Mediation

Teil #5b: Wir wollen zusammenbleiben – so funktioniert eine Paarmediation

Im letzten Monat hat Nadine euch einen Fall vorgestellt, in der es um eine Paarmediation geht.
Sie beleuchtet die verschiedenen Phasen der Mediation; den ersten Teil könnt ihr hier nachlesen.

Teil #5b: Wir wollen zusammenbleiben – so funktioniert eine Paarmediation

Heute könnt ihr hier den zweiten Teil nachlesen und verstehen, wie eine Paarmediation stattfindet.
Wenn ihr Interesse an einer Mediation habt, könnt ihr die Magazin-Expertin Nadine auch jederzeit kontaktieren.

Und nun geht es weiter mit dem zweite Teil der Paarmediation.

Phase 3 der Paarmediation

Ziel: sich gegenseitig verstehen oder zumindest nachvollziehen können.

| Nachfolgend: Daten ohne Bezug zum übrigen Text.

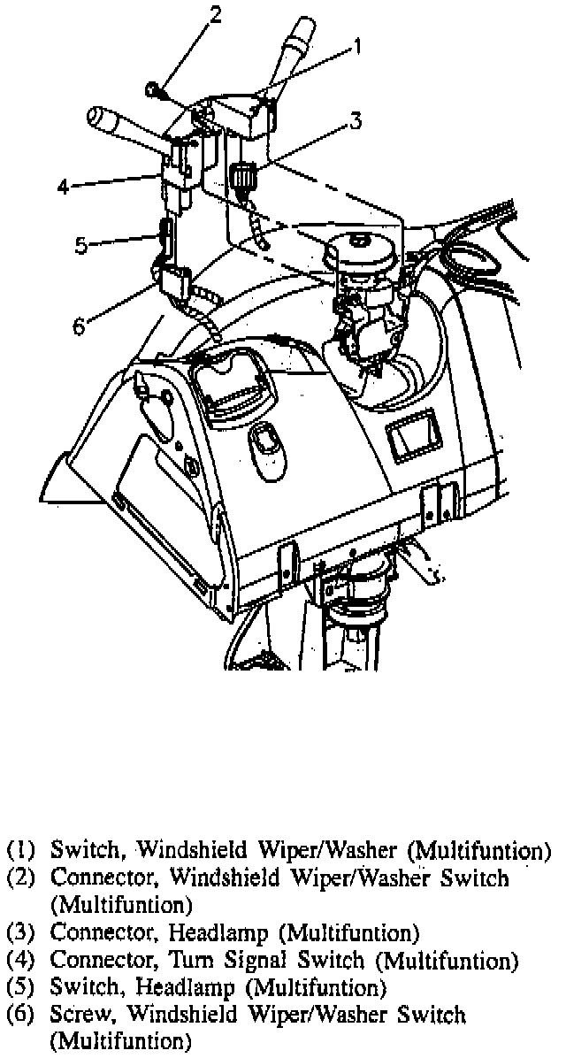 The left side of this switch has a lever which includes the headlamp, headlamp dimmer, and turn signal switches. On the right hand lever is the windshield wiper and washer functions.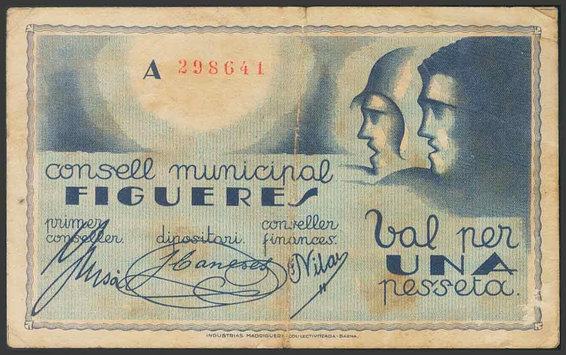 FIGUERES (GERONA). 1 Peseta. Marzo de 1937. Serie A. (González: 7850). RC.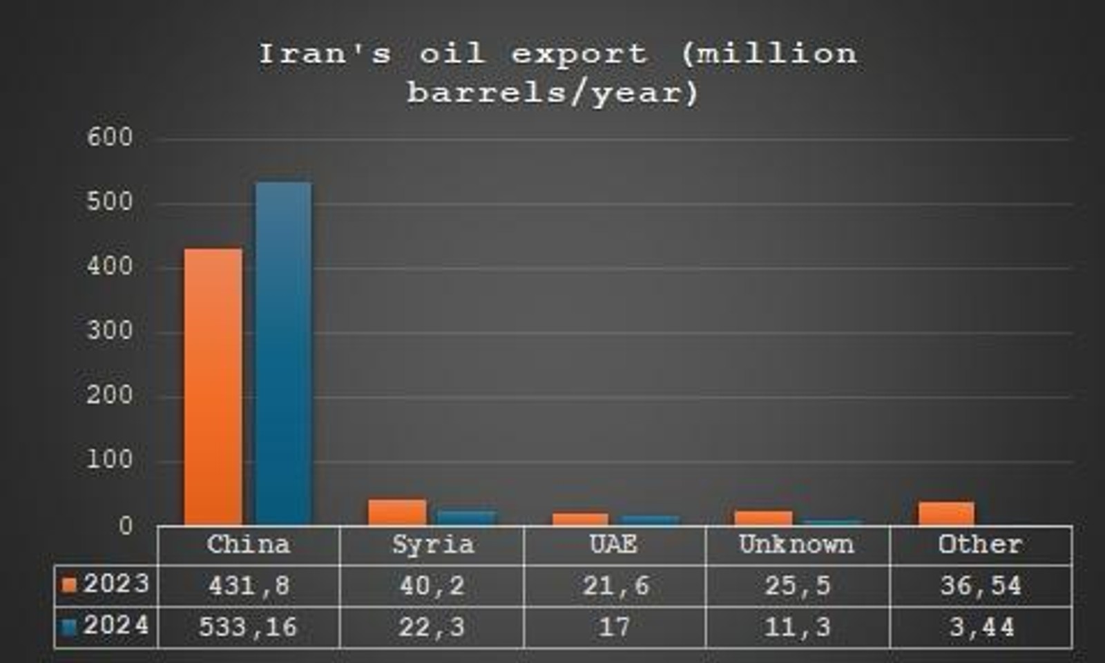 Data from oil tanker tracking firms reveal that during Joe Biden's presidency, Iran exported approximately 2 billion barrels of oil—a significant increase compared to the volumes recorded between 2019 and 2021.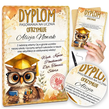 - Drewniany dyplom pasowania z kolorowym nadrukiem — pamiątka rozpoczęcia szkoły, gotowa do własnoręcznego uzupełnienia.

Beate, 37, und Michael, 34, wollten also nun über folgende Themen sprechen:

  • Ausgehen
  • Kindererziehung
  • Haushalt
  • Familienleben
  • Sexualität

Bevor wir starteten, bat ich die beiden darum:

  • In Ich-Botschaften zu sprechen
  • Anmerkungen auf einem Blatt Papier zu notieren und den anderen somit aussprechen zu lassen und
  • zu beachten, dass einige ihrer Themen die beiden als Paar betreffen, und andere ihre Eltern- beziehungsweise Familienebene

Es folgte ein sehr intensiver Dialog mit Höhen und Tiefen, mit Tränen und Lachen, mit lauten und leisen Stimmen…jeder trug seine Ansichten, Interessen und Anliegen bei und sie wechselten sich mit dem Beginnen eines jeweiligen Themas ab.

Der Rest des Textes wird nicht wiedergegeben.